The Price of Compounding #152
Reflecting on a few interesting reads and listens over the past week
It's easy to talk about holding investments for the long term. Very few people recognize how hard it is to actually do nothing but hold.
The fear of missing out on greater returns or suffering through greater losses often prevents us from holding during the extreme highs and lows of any market cycle.
When it comes to investing, we have a few options:
Pay today's price and accept volatility and upheaval
Find an asset with less uncertainty and a lower payoff
Try to get the return while avoiding the volatility that comes along with it
Most of us end up taking the last option. The irony is that by trying to avoid options 1 or 2, many investors end up with a significantly higher cost base/lower return.
So why do people, who pay up for food, housing, clothes, don't want to pay the price of compounding returns?
It's largely because the price of compounding is generally unknown and hard to comprehend. It's important to think about volatility as a fee vs. a fine.
For investors who are entering today's market with expectations of making 20%+ returns, it's important to accept the possibility of 20%+ declines.
Once you start to accept that market volatility is the price of compounding, the next question you should ask yourself is which assets are worth paying the price of volatility.
The coming 6-18 months are going to test the ability of investors to withstand these drawdowns/lower returns. While the past few years were defined by one’s ability to deploy capital, the coming period (I believe) will be more defined by the ability to conserve capital and deploy in high ROIC projects.
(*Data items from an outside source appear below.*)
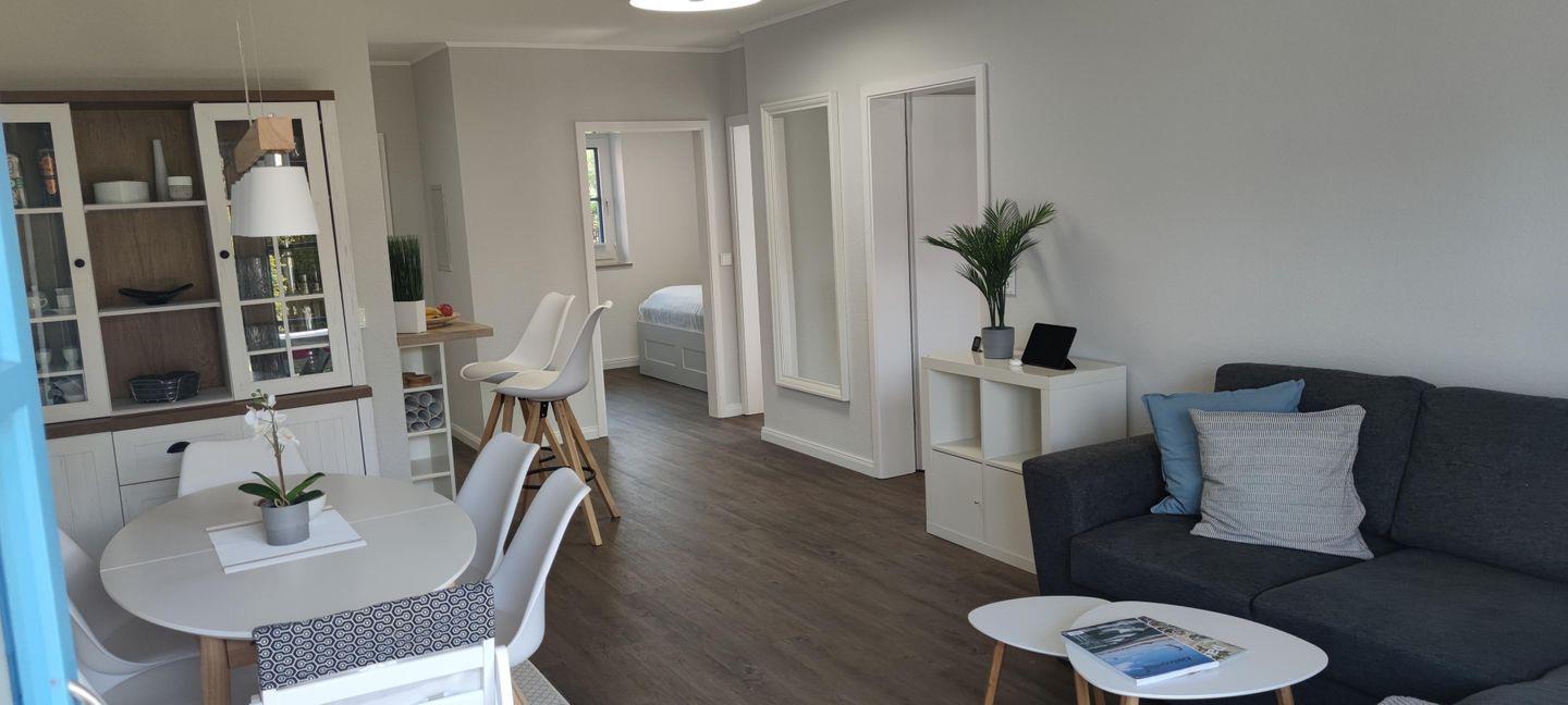 Sie finden diese gemütliche und mit viel Liebe zum Detail modern eingerichtete Ferienwohnung im Inselwesten. Diese Wohnung besticht durch Ihre Farbabstimmung und hat dadurch das gewisse Flair. Sie ist ideal für Familien mit 2 Kindern und hat zusätzlich ein Bett für Kleinkinder (bis 5 Jahre) oder für 4 Erwachsene. Im Elternschlafzimmer befindet sich ein hochwertiges Doppelbett (160x200cm) mit durchgehender Matratze und ein großer Kleiderschrank. Im Kinderzimmer steht Ihnen eine auf 160x200cm ausziehbare Schlafcouch zur Verfügung (Matratzen je 80 cm).
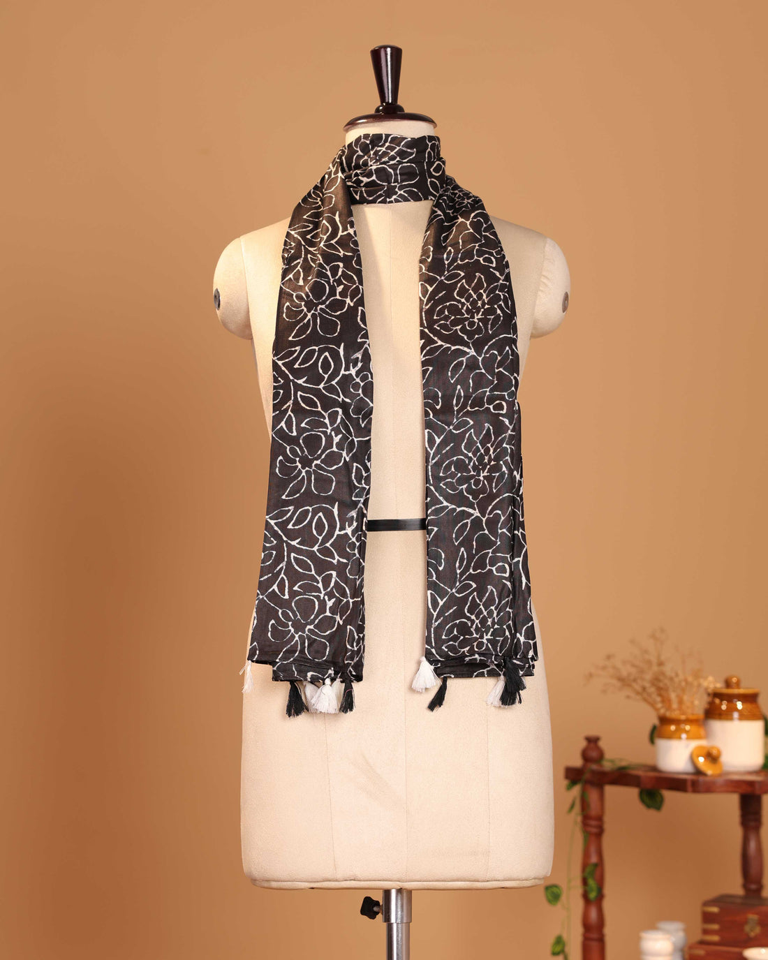 Traditional Vine Floral Inspired Women's Stole - Black
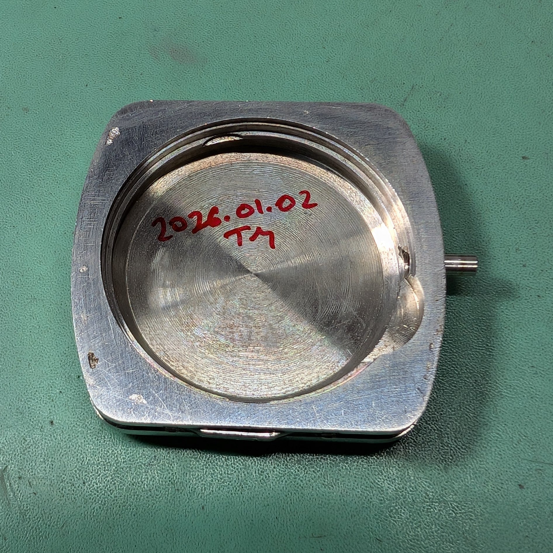 It features a flashy, very beautiful, three-dimensional dial and multi-faceted cut glass inside an angular steel case. There are some small blemishes, that are very noticeable under the crystal.
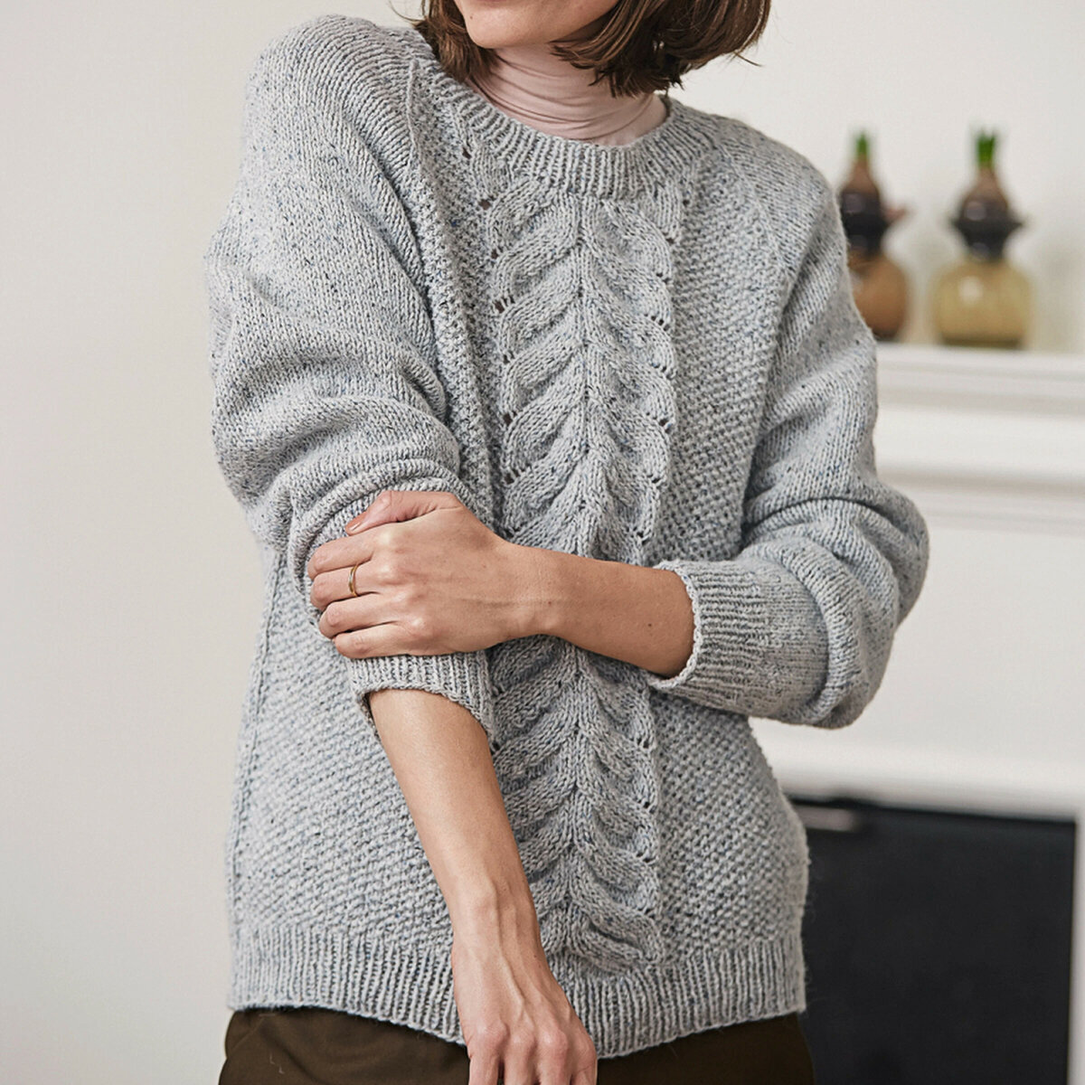 Чтобы связать этот джемпер, нам понадобится 5:6:7:8:8 мотков — на размеры XS:S: М:L:XL соответственно — серой пряжи West Yorkshire Spinners -ColourLab DK (цвет № 037): 100% шерсть; 100 гр — 225 м. Спицы № 3,25 и 4, а также круговые спицы № 3.25 длиной 40 см. Вспомогательные спицы для вязания кос и аранов и контрастная нить.

This is probably one of the best compilations I've seen on a wide variety of investing frameworks and business models. Here are a couple of sections that caught my attention:
The Seven Deadly Sins Are Actually The Seven Core Motivators
All successful consumer-facing companies appeal to one or more of the seven deadly sins. They are time-tested core motivators that incentivize people to do things (the fact that they have survived for all of time without any edits is proof of their power). There are no successful consumer companies that do not appeal to any of the seven deadly sins.
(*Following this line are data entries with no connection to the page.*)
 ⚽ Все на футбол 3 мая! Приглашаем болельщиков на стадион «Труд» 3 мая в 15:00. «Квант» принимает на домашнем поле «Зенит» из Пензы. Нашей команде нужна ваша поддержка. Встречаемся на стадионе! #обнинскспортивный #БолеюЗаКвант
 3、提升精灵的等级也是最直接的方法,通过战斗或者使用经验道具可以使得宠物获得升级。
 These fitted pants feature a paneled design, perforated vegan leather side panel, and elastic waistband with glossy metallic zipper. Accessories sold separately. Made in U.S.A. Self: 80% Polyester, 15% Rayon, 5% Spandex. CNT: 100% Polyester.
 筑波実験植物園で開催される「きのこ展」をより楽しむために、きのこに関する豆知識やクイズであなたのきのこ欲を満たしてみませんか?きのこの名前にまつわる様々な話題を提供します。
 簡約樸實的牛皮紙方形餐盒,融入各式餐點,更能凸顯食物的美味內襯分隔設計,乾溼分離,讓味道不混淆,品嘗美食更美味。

Different motivators can apply to different constituents within each company, even different behaviors from the same constituent.
Examples:
Sloth: Uber, Amazon
Pride: Instagram, Tik Tok
Gluttony: DoorDash, Netflix
Lust: Tinder, OnlyFans
Envy: Pinterest
Wrath: Twitter
Greed: Bitcoin, Robinhood
A Specialized Tool Will Always Beat A Generalized Tool Over Time
A Swiss Army knife is very useful when you are space constrained. It is less useful when you need a dedicated screwdriver to assemble a room full of furniture. Similarly, products with a generalized value proposition will inevitably be cannibalized by more specialized competitors. Convenience is the only defense generalized tools have against erosion by specialized tools.
First Order Irrational, Second Order Rational
A very effective strategy to unlock potential energy in what may seem to be a calcified ecosystem is to do something that the existing, entrenched players deem to be completely irrational. The conceit in this strategy is that while the behavior may seem irrational at the first-order level, it is rational at the second-order level and often leads to a market-leading position if not a monopoly.
Distribution vs. Monetization
Platforms focus on offering the supply side of their ecosystem either distribution or monetization. Those that focus on a combination of both will be challenged by the specialized vs. generalized dynamic over time.